# INFORMATION SHOWN:

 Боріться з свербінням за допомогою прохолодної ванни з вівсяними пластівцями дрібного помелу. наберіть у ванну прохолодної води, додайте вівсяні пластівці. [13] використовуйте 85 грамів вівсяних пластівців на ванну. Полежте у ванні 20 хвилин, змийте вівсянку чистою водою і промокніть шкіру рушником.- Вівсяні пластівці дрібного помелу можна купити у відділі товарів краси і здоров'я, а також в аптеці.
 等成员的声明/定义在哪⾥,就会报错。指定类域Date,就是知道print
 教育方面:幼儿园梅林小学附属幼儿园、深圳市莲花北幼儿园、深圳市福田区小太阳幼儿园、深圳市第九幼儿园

* * *

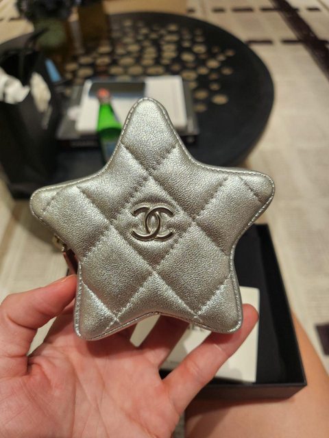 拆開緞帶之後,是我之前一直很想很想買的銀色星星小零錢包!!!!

# WHAT YOU ARE ASKED TO DO:
Exactly the lines above from the one with "Боріться з свербінням" to the one with "教育方面:幼儿园梅林小学附属", both included, are to be quoted; leave the rest out.

# ANSWER TO THIS EXERCISE:
 Боріться з свербінням за допомогою прохолодної ванни з вівсяними пластівцями дрібного помелу. наберіть у ванну прохолодної води, додайте вівсяні пластівці. [13] використовуйте 85 грамів вівсяних пластівців на ванну. Полежте у ванні 20 хвилин, змийте вівсянку чистою водою і промокніть шкіру рушником.- Вівсяні пластівці дрібного помелу можна купити у відділі товарів краси і здоров'я, а також в аптеці.
 等成员的声明/定义在哪⾥,就会报错。指定类域Date,就是知道print
 教育方面:幼儿园梅林小学附属幼儿园、深圳市莲花北幼儿园、深圳市福田区小太阳幼儿园、深圳市第九幼儿园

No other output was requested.